Charley Britt

No. 17
- Position: Defensive back

Personal information
- Born: March 20, 1938 (age 88) Augusta, Georgia, U.S.
- Listed height: 6 ft 2 in (1.88 m)
- Listed weight: 180 lb (82 kg)

Career information
- High school: North Augusta (SC)
- College: Georgia
- NFL draft: 1960 (3rd round, 25th overall pick)
- AFL draft: 1960

Career history
- Los Angeles Rams (1960–1963); Minnesota Vikings (1964); San Francisco 49ers (1964);

Career NFL statistics
- Interceptions: 14
- Interception yards: 241
- Touchdowns: 1
- Stats at Pro Football Reference

= Charley Britt =

American football player (born 1938)

Charles William Britt (born March 20, 1938) is an American former professional football player who was a defensive back in the National Football League (NFL).
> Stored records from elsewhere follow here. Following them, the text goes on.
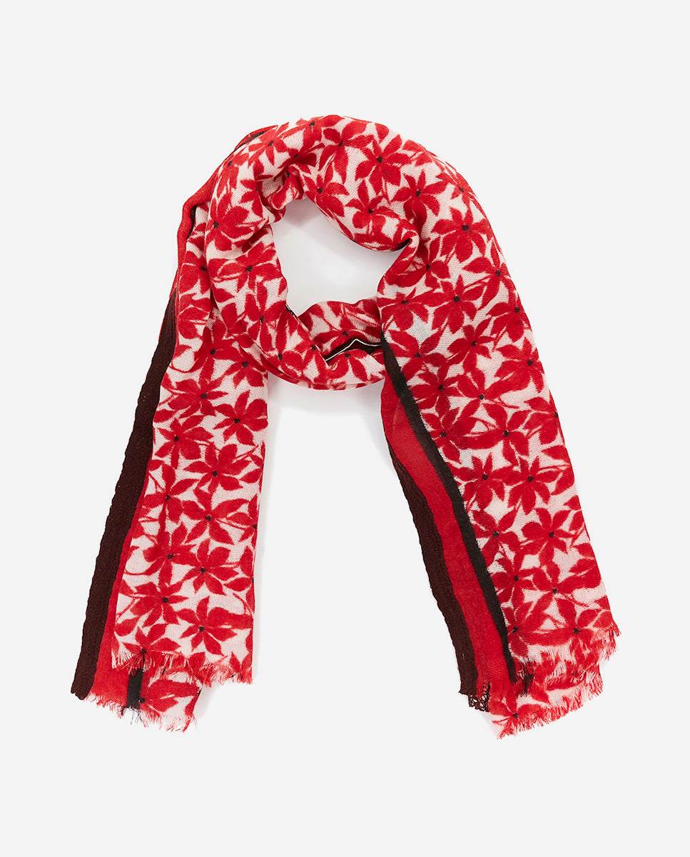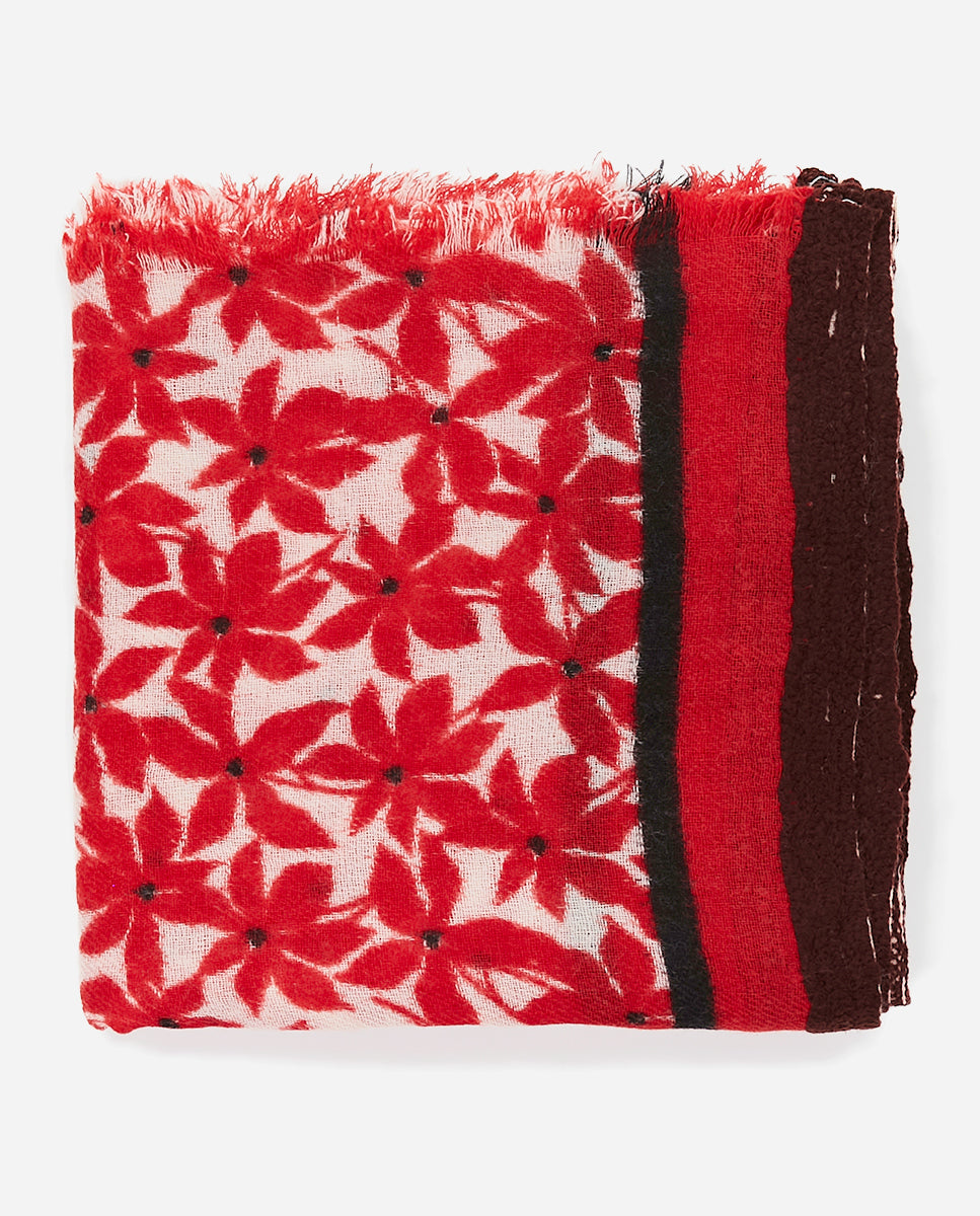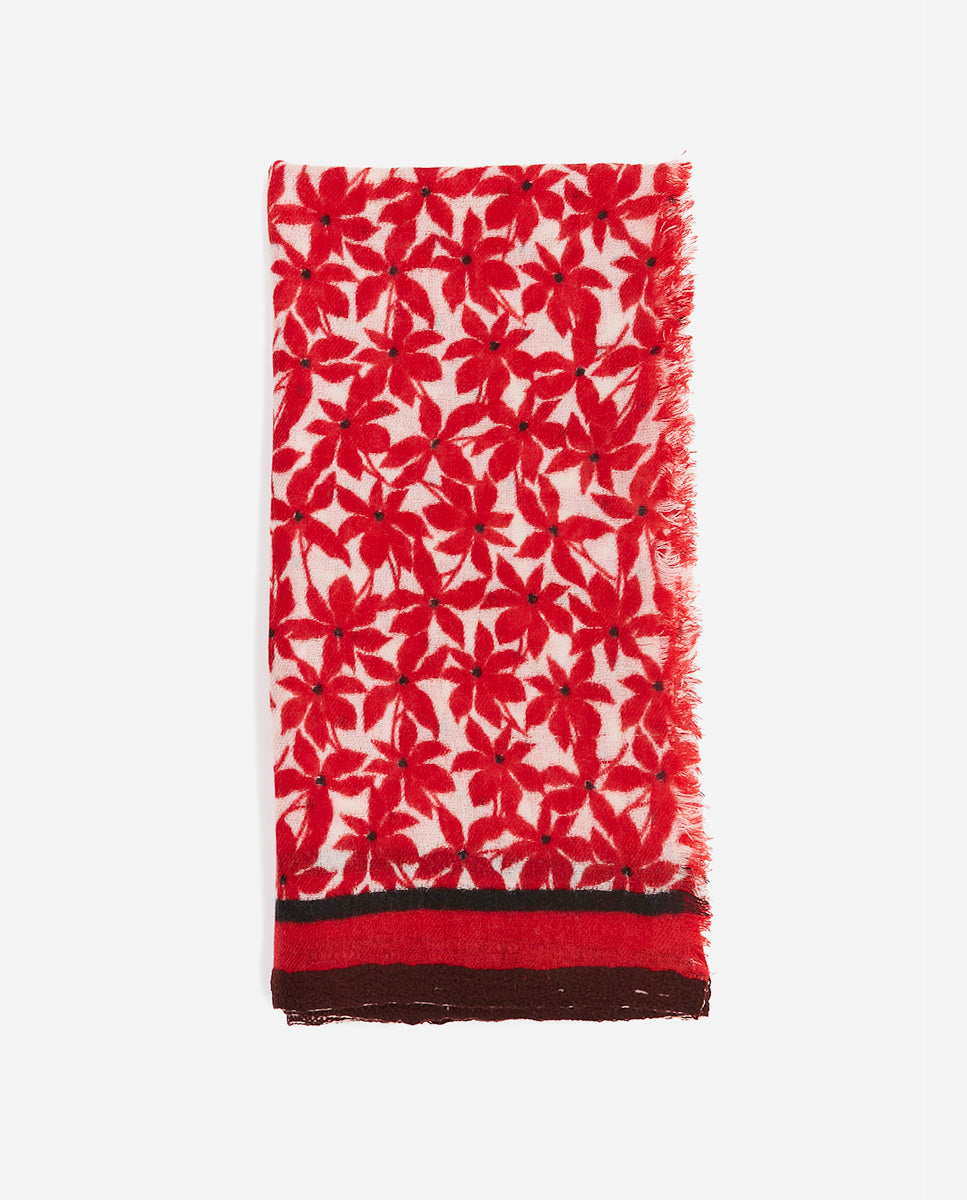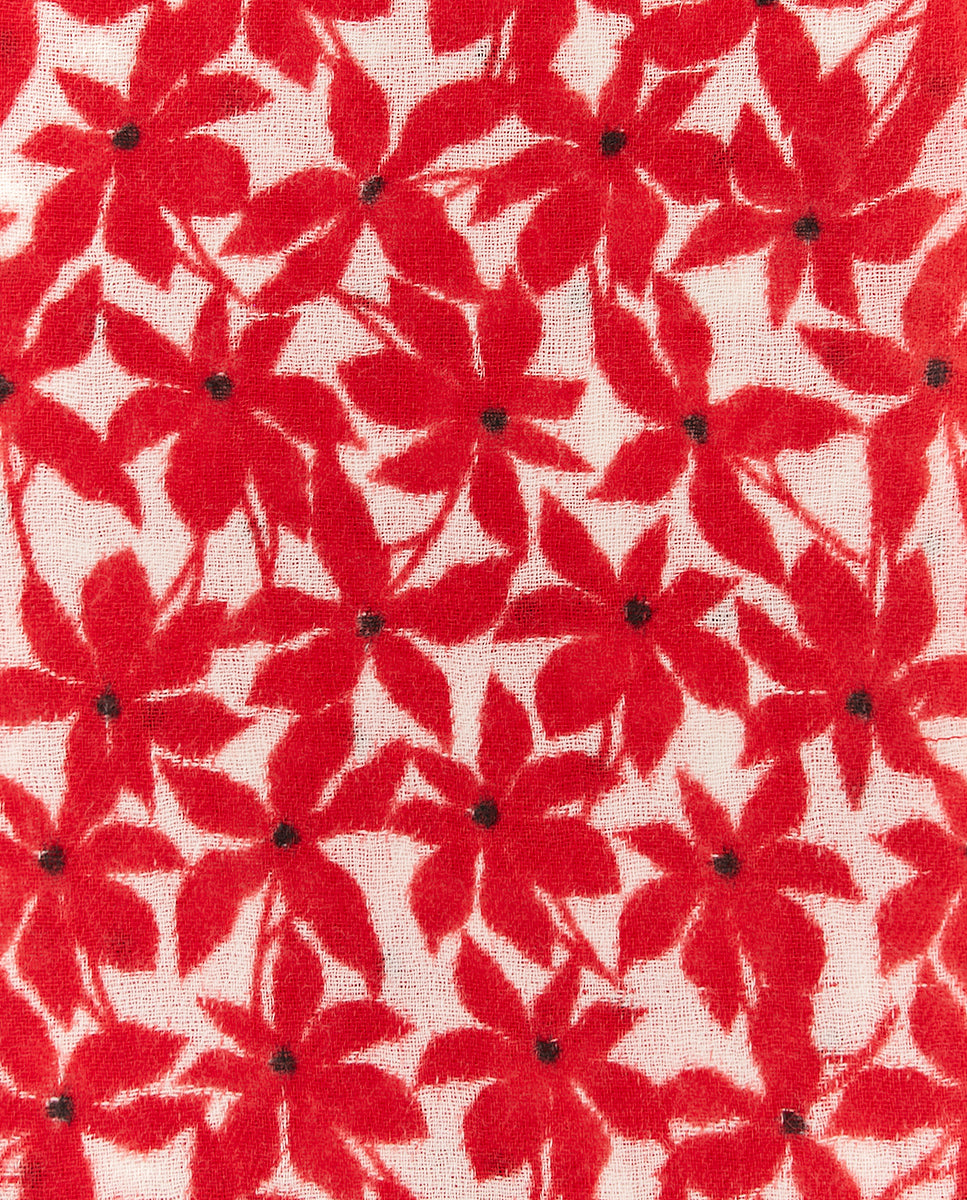 Women's wool scarf with mini floral print in red
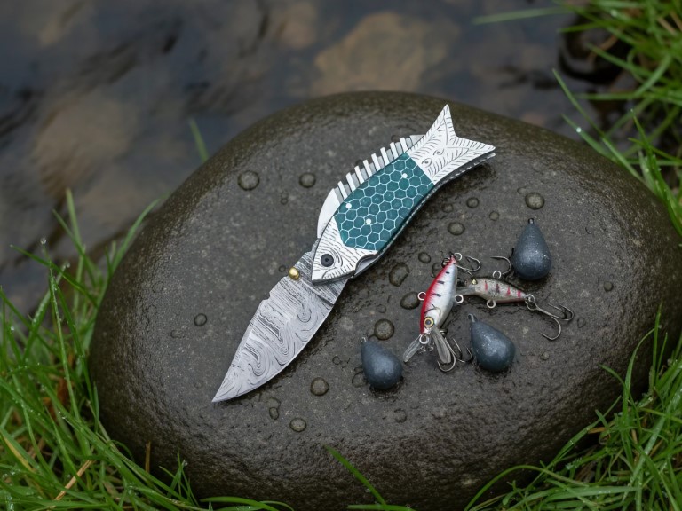 The fish-inspired handle paired with a twist Damascus blade ensures no two knives are ever alike.
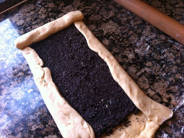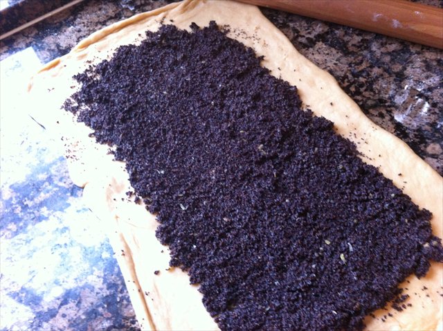8 ) Spread the poppy filling across the dough, leaving a 2 cm border at each side.
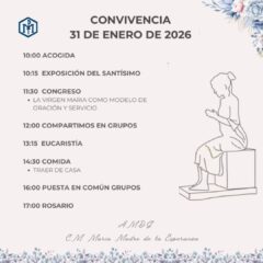 El pasado sábado 3 de febrero de 2024 la Congregación Mariana de Santa María de la Esperanza hizo su tradicional convivencia en los salones parroquiales y Leer más
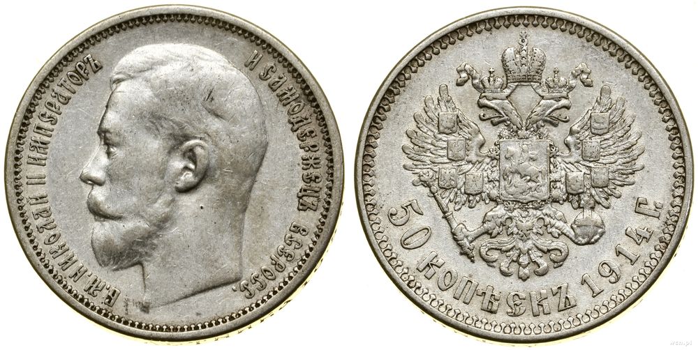 | Opis: | Rosja - Mikołaj II (1894–1917), 50 kopiejek, 1914 (B•C), Petersburg |
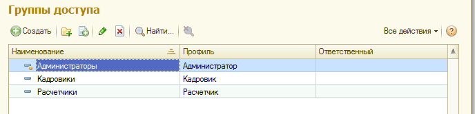 При этом назначить профили доступа: "Расчетчики" = Расчетчик, "Кадровики" = Кадровик.
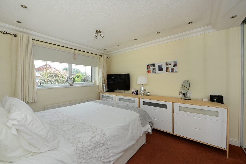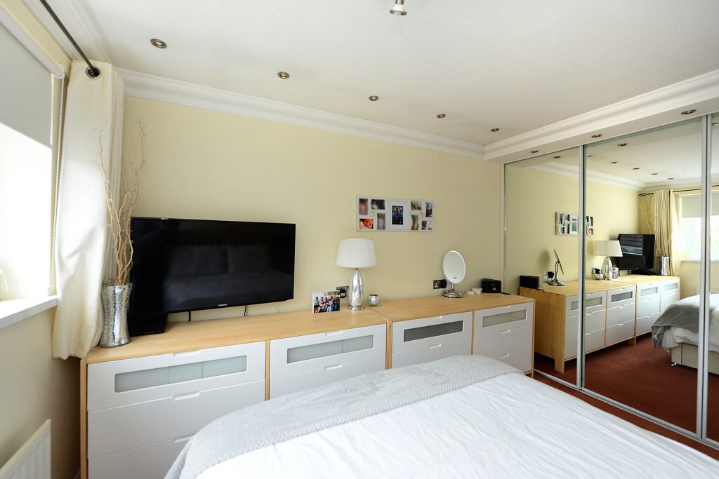 A well-proportioned double bedroom with fitted wardrobes, radiator, double glazed window to the rear, power points, ceiling coving, ceiling light point and spotlights.
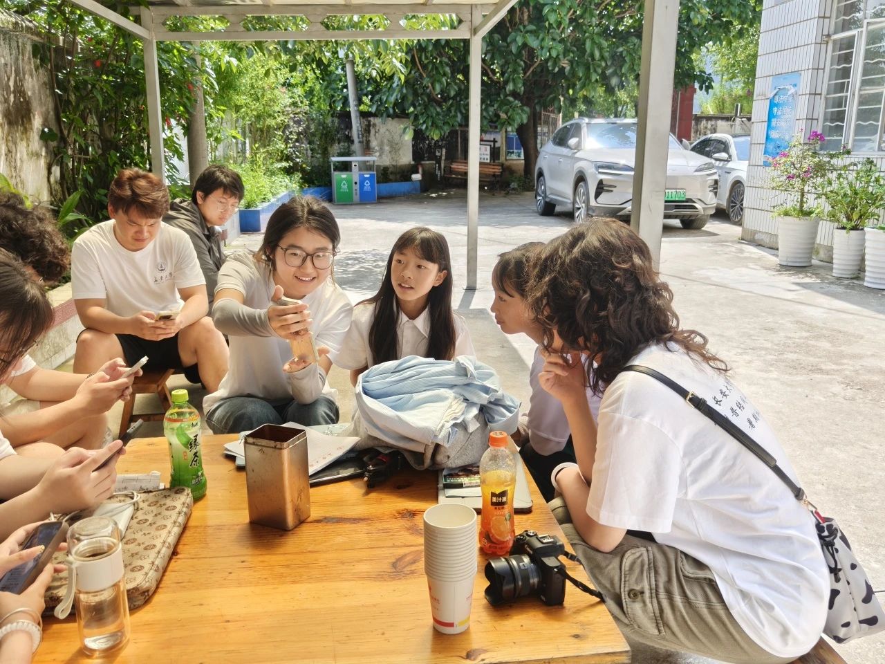 讲座结束后,实践队员们还与村中两名六年级女孩展开了一场温馨而真挚的交流。队员们如同亲切的兄姊,拉起女孩们的手,轻声询问她们的学习生活、兴趣爱好和心中梦想。“我想当一名警察,保护身边的人。”一位扎着马尾辫的女孩眼神坚定地表达了自己的志向。另一位稍显腼腆的女孩则轻声诉说着对外面世界和大学生活的向往。队员们拿出手机展示大学校园的图片,生动描绘图书馆的静谧、课堂的思辨、社团的活力与实验室的探索,鼓励她们:“只要坚持努力,你们一定能走进这样的校园。”队员们不仅留下了联系方式,承诺长期关注她们的成长、解答学习困惑,更在女孩们纯真的心田悄然播下了名为“大学”的希望种子。阳光透过树叶洒在孩子们洋溢着憧憬的笑脸上,这一刻,梦想的光芒被点亮,一场心灵的相遇为乡村孩子的成长之路注入了温暖的动力。
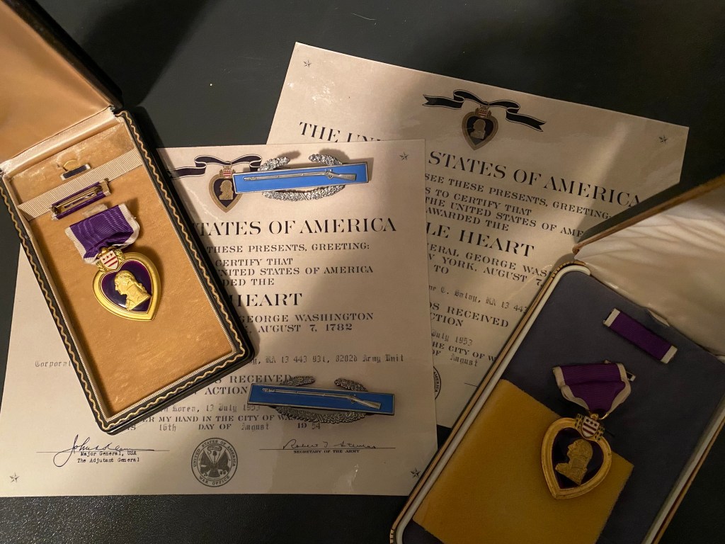 She went about cleaning out her dad’s house. A shoe box in a closet had two Purple Heart medals in display cases, two laminated Purple Heart certificates and two Combat Infantryman Badges. Both medals had Gene Salay’s name on the back. The identical certificates were for the Purple Heart he received in 1954, a year after he was wounded in the Korean War.
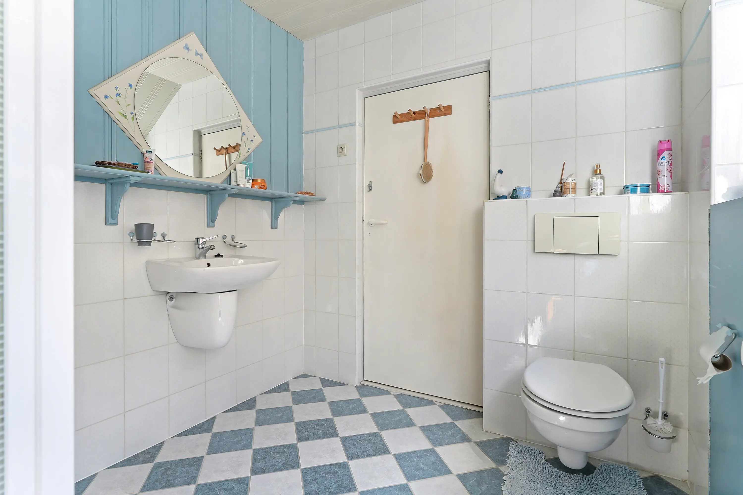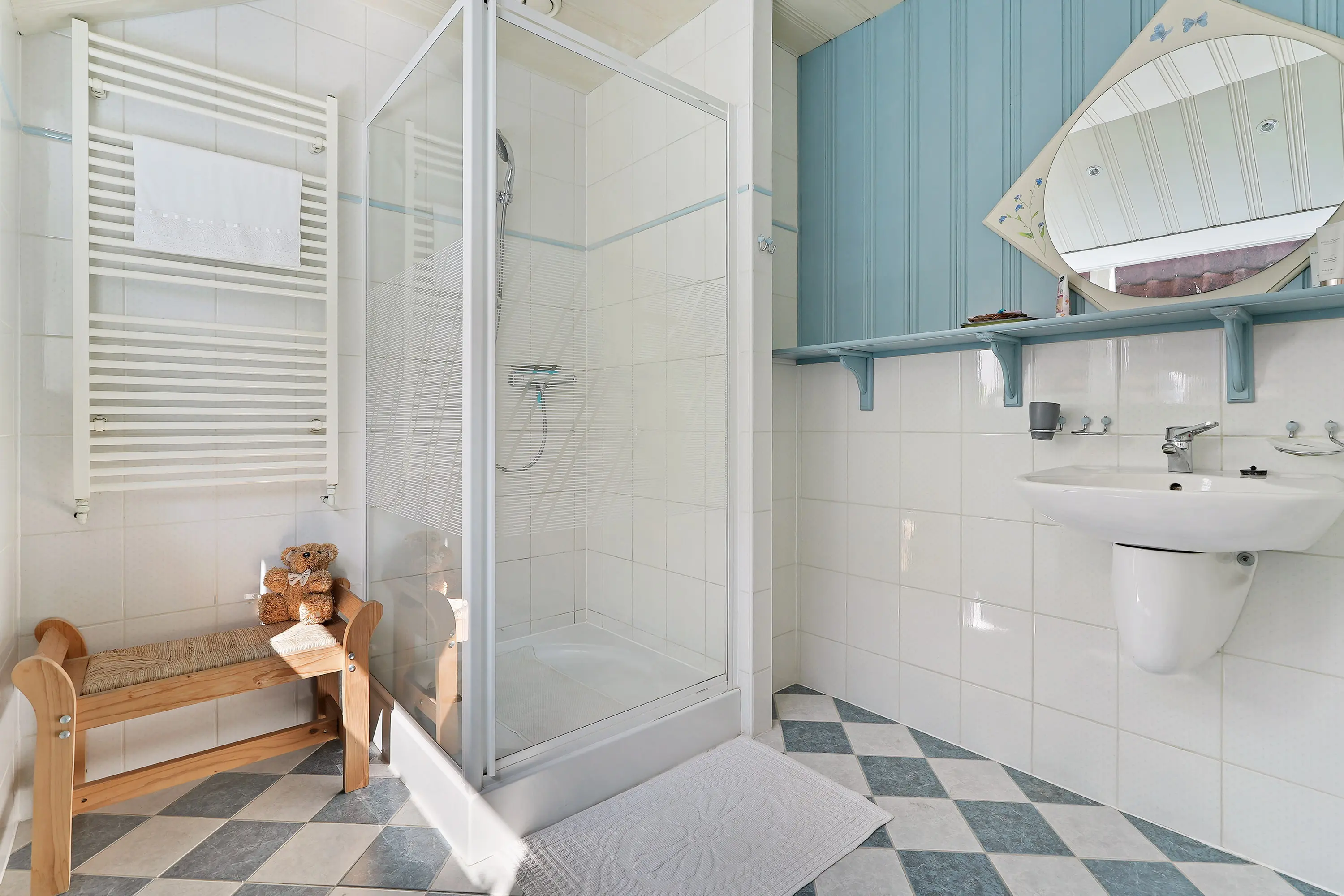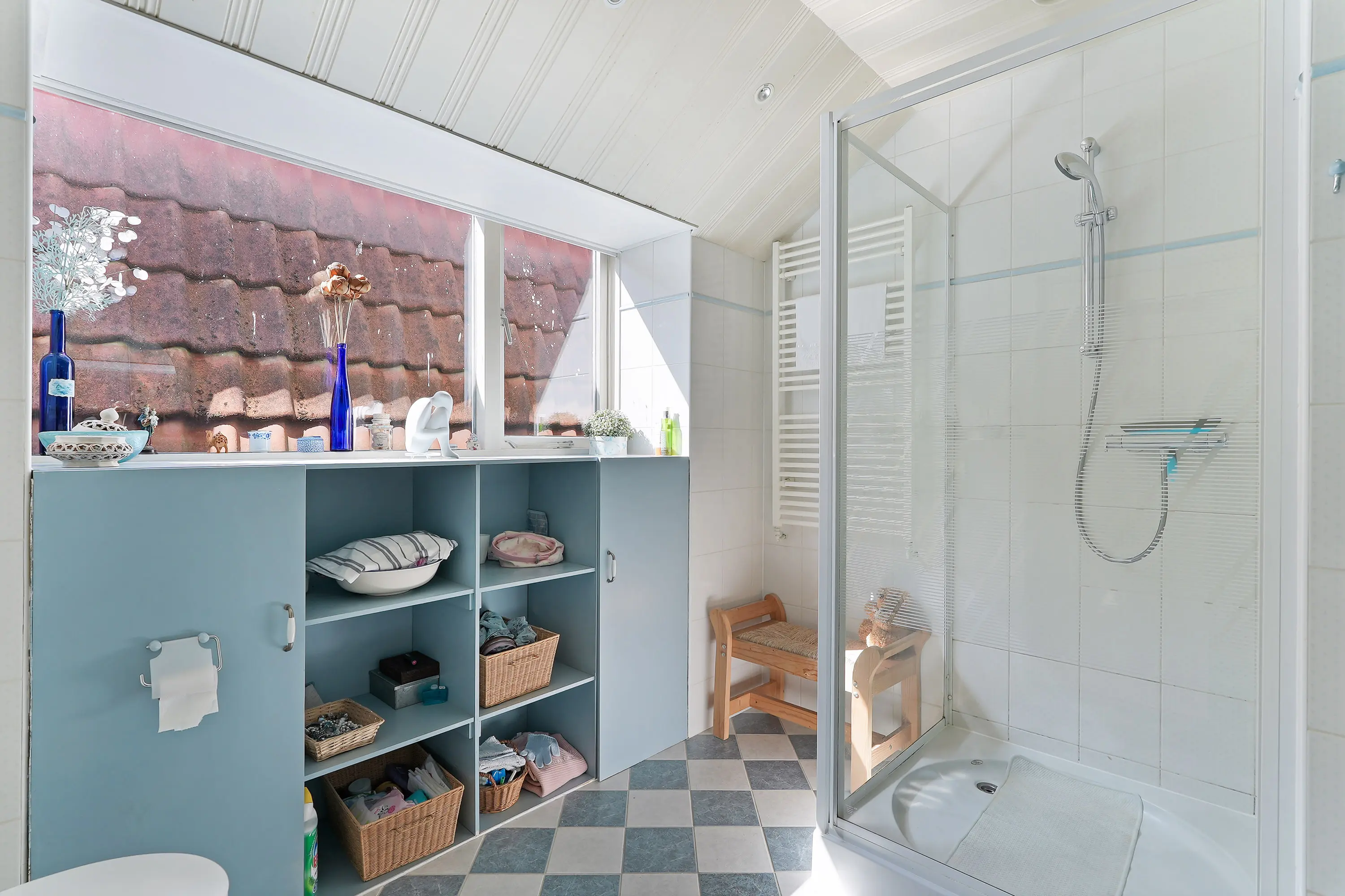 De overloop geeft toegang tot twee ruime slaapkamers, waaronder de ouderslaapkamer aan de tuinzijde. De verzorgde badkamer is eveneens royaal en uitgerust met een douche, wastafel, tweede toilet en een praktische ingebouwde kastenwand onder het raam.

He played college football as a quarterback for the Georgia Bulldogs. Britt was selected by the Los Angeles Rams in the third round of the 1960 NFL draft and also played for the Minnesota Vikings and San Francisco 49ers.

During his playing career, Britt appeared in the TV series, The Adventures of Ozzie and Harriet from 1961 to 1965.